Let me fill you in on the madness.

Pretest 1: purchase the applications.
In the States when I applied for the many tests I had to take to get through college and credentialling (CBEST, 3 CSETs, & 2 CLEPs) it was always as easy as going online clicking a few buttons and voila! you are ready to test. For this test, I had to purchase the applications from "a book store in (my) area." That's really all the official website said.
I failed my first attempt at finding the test and ended up walking out of the store in shame.
After talking with a friend who took the test last year, I found the right bookstore, the right floor, and the right counter to find the application.
Pretest 1: PASS

Pretest 2: fill out the applications.
"No big deal," you are most likely thinking right now. NO! it WAS a big deal. Each application came with (I kid you not) a 53 page(!) instruction booklet. After my initial shock, I learned to love the instruction booklet, and I am sure it is the only reason I knew to do the next 3 steps.
Pretest 2: PASS

Pretest 3: take a passport style photo to include with your application.
WHAT?! Never in the history of education or test taking have I needed to included a photo in with my application.
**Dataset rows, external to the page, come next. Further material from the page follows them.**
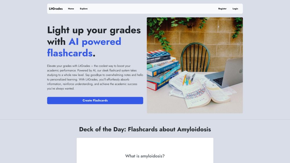 LitGrades uses AI technology to offer students a flashcard platform where they can both discover and create flashcards.
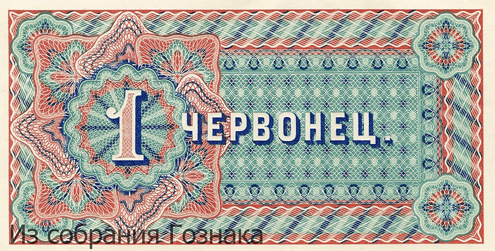 Пробный оттиск билета Государственного банка СССР достоинством 1 червонец, выполненный по эскизу И. И. Орлова с применением усовершенствованной орловской печати с нюансировкой. Около 1927 года.
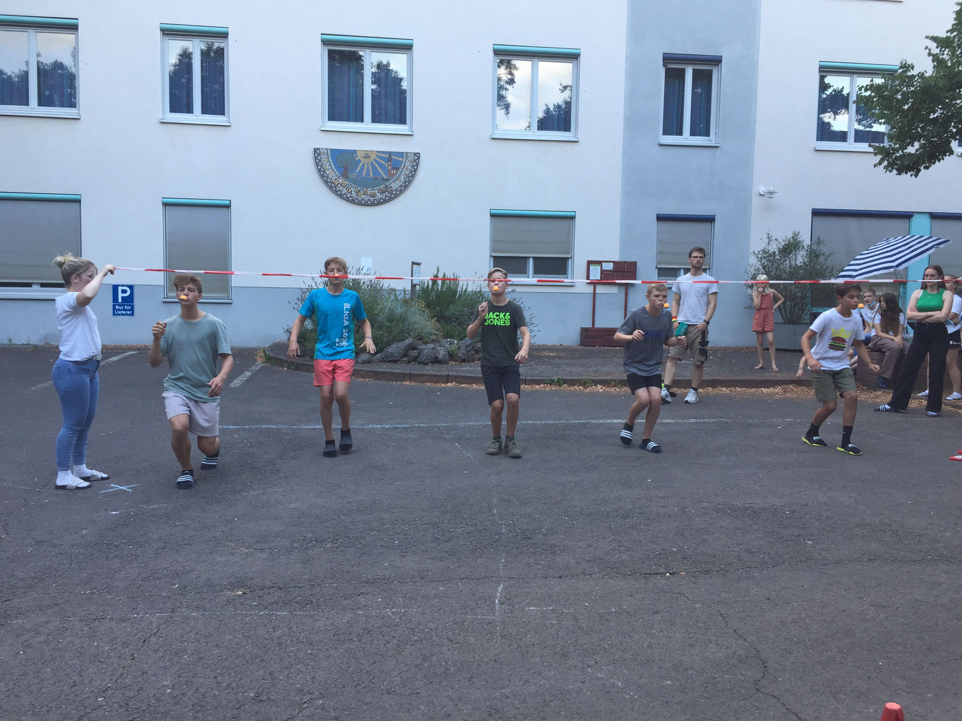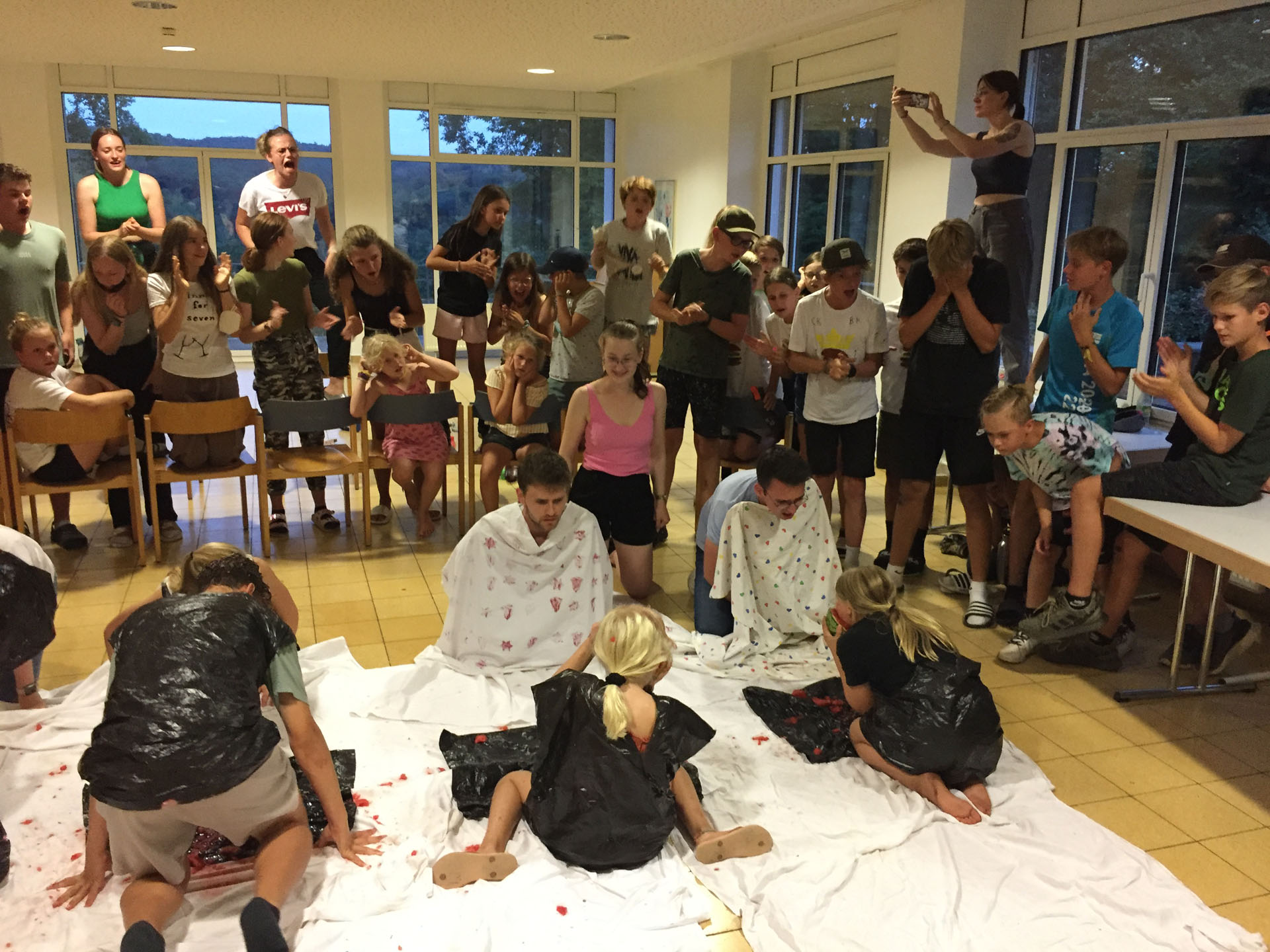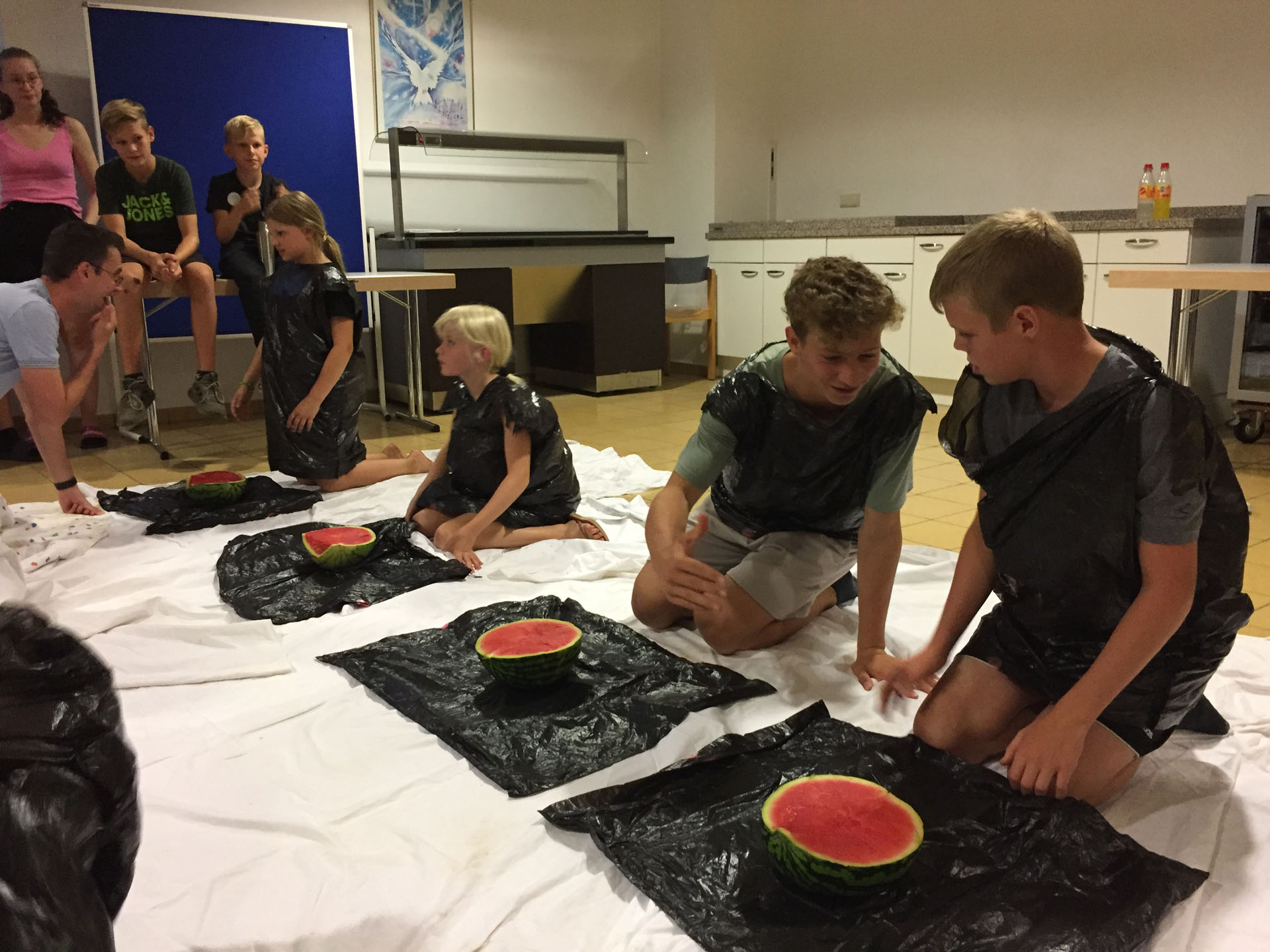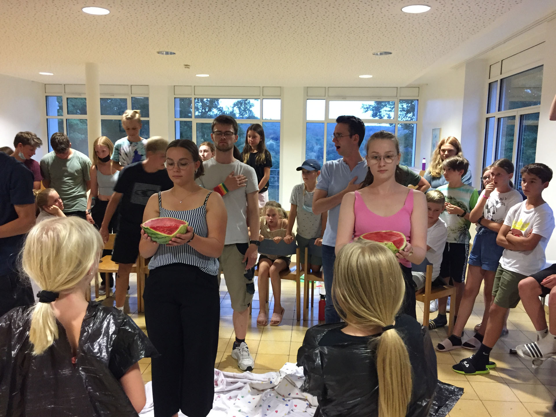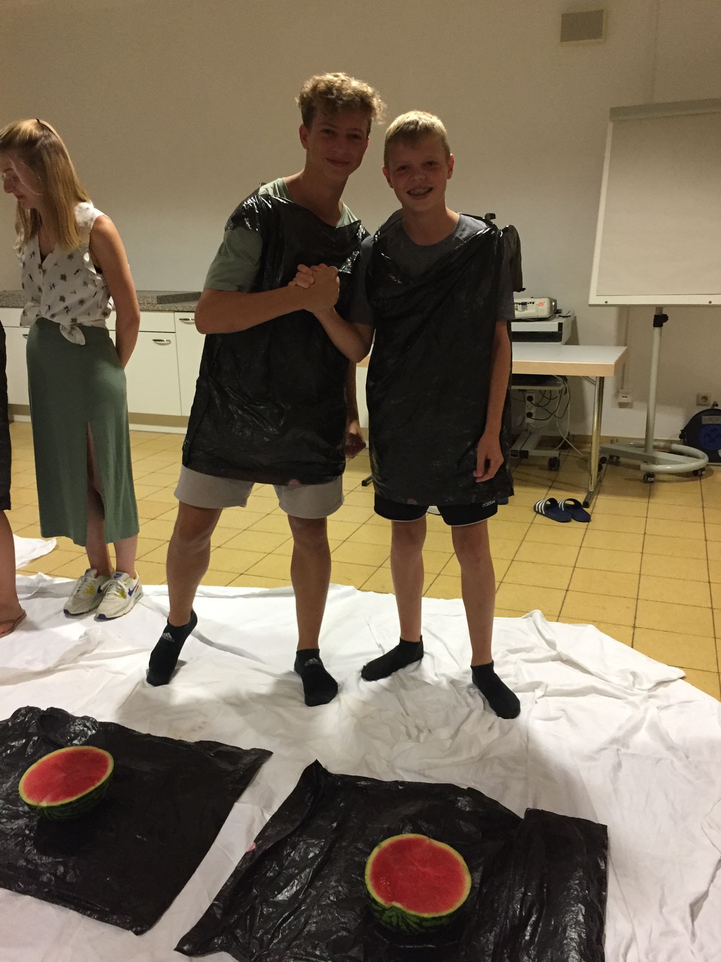 Am Abend war es dann so weit. Einer der beliebtesten und wichtigsten Programmpunkte des CJK-Ferienlagers stand an. Mr. und Mrs. Lager sollte wie jedes Jahr den krönenden Abschluss unserer Reise gestalten. Dazu losten wir bereits zum Abendessen 8 Jungen und 8 Mädchen aus, die um den Titel des Mr und Mrs Lager spielen würden. Nach einigen kniffligen Minispielen kamen wir dann schon zum Finale. Die Stimmung kochte vor Aufregung bereits über, als das legendäre Melonenwettessen angekündigt wurde. Ziel dabei ist es, sich nur mit dem Gesicht durch eine halbe Melone zu kämpfen und dann die eigene Zunge durch ein Loch zu stecken, dass sich am Boden der Melone befindet. Nach einem nervenaufreibenden und spannenden Finale hatten wir dann auch endlich unsere Sieger. Mrs. Lager wurde Hannah aus den jüngsten Mädchen und Mr. Lager wurde Mattis, bereits zum zweiten Mal.
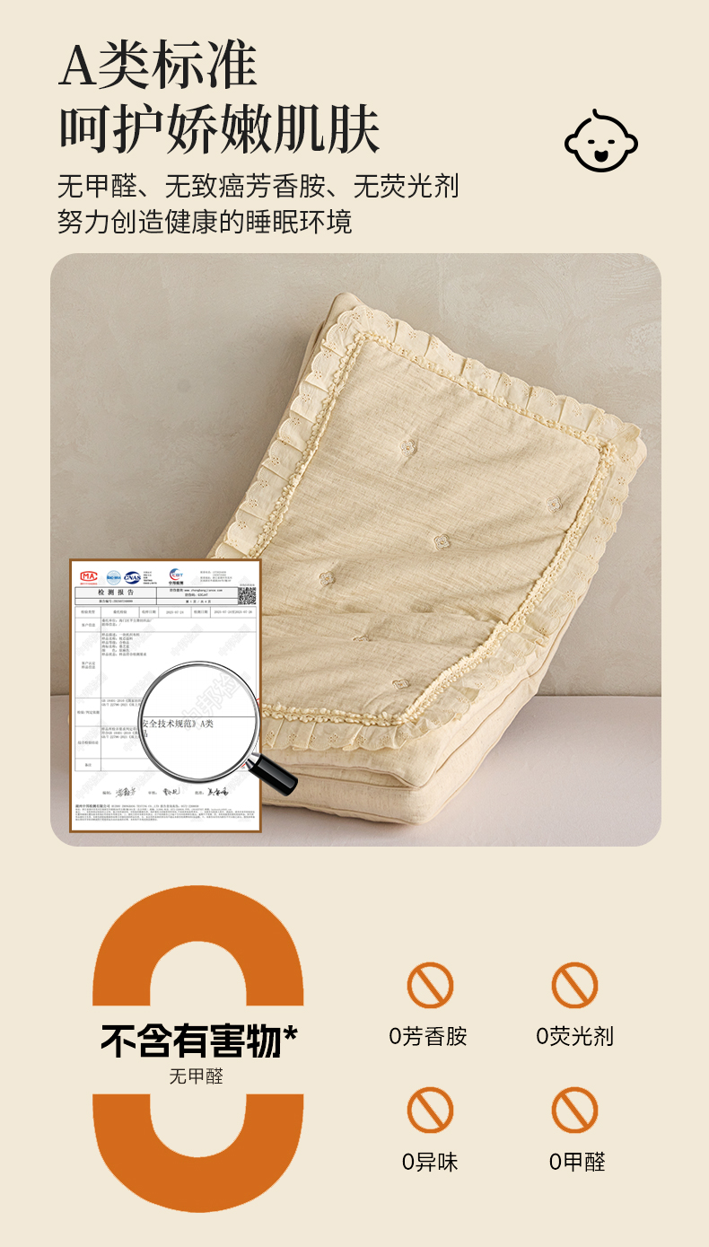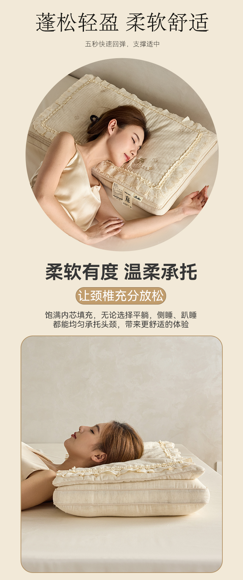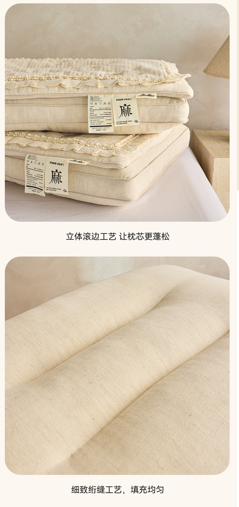(总)昕科 2025新款蕾丝花边棉麻定型低枕枕头枕芯,蕾丝花边棉麻定型低枕
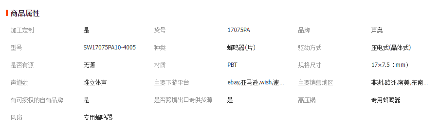 本网页所展示的有关【直径17压电无源蜂鸣器 电磁炉用蜂鸣器 高压锅蜂鸣器 1707蜂鸣器_蜂鸣器_中山市声奥电子有限公司】的信息/图片/参数等由全球零部件网的会员【中山市声奥电子有限公司】提供,由全球零部件网会员【中山市声奥电子有限公司】自行对信息/图片/参数等的真实性、准确性和合法性负责,本平台(本网站)仅提供展示服务,请谨慎交易,因交易而产生的法律关系及法律纠纷由您自行协商解决,本平台(本网站)对此不承担任何责任。您在本网页可以浏览【直径17压电无源蜂鸣器 电磁炉用蜂鸣器 高压锅蜂鸣器 1707蜂鸣器_蜂鸣器_中山市声奥电子有限公司】有关的信息/图片/价格等及提供【直径17压电无源蜂鸣器 电磁炉用蜂鸣器 高压锅蜂鸣器 1707蜂鸣器_蜂鸣器_中山市声奥电子有限公司】的商家公司简介、江南(中国)等信息。

And of course it had to be a certain size and dimension. fortunately for us, our supervisor, Tim, pointed out the passport photo booth at the mall near our house, when we had just arrived in Japan.
Pretest 3: PASS (even if they weren't the prettiest pictures)

Pretest 4: Pay for application at the post office.
I mentioned in my last post about how Japan deals with the lack of checks. so, rather than including a check with my application we had to head to the post office and pay for each application, then include the receipt(with the id number that corresponded to the id number on the application) in the envelope.
Pretest 4: PASS (thanks to the very kind clerk)

Pretest 5: Mail the application via special certified mail.
I only knew how to ask for this because my now beloved instruction manual told me. And really, after all the other tests, this one was not only easy-breezy, it was my favorite one because it was the LAST!
Pretest 5: PASS

We are now just waiting for our test voucher to come in the mail, when I am sure we will have a whole new set of hurdles to jump. Oh, and studying Japanese, because after all this work, I'd kind of like to pass the REAL test in December.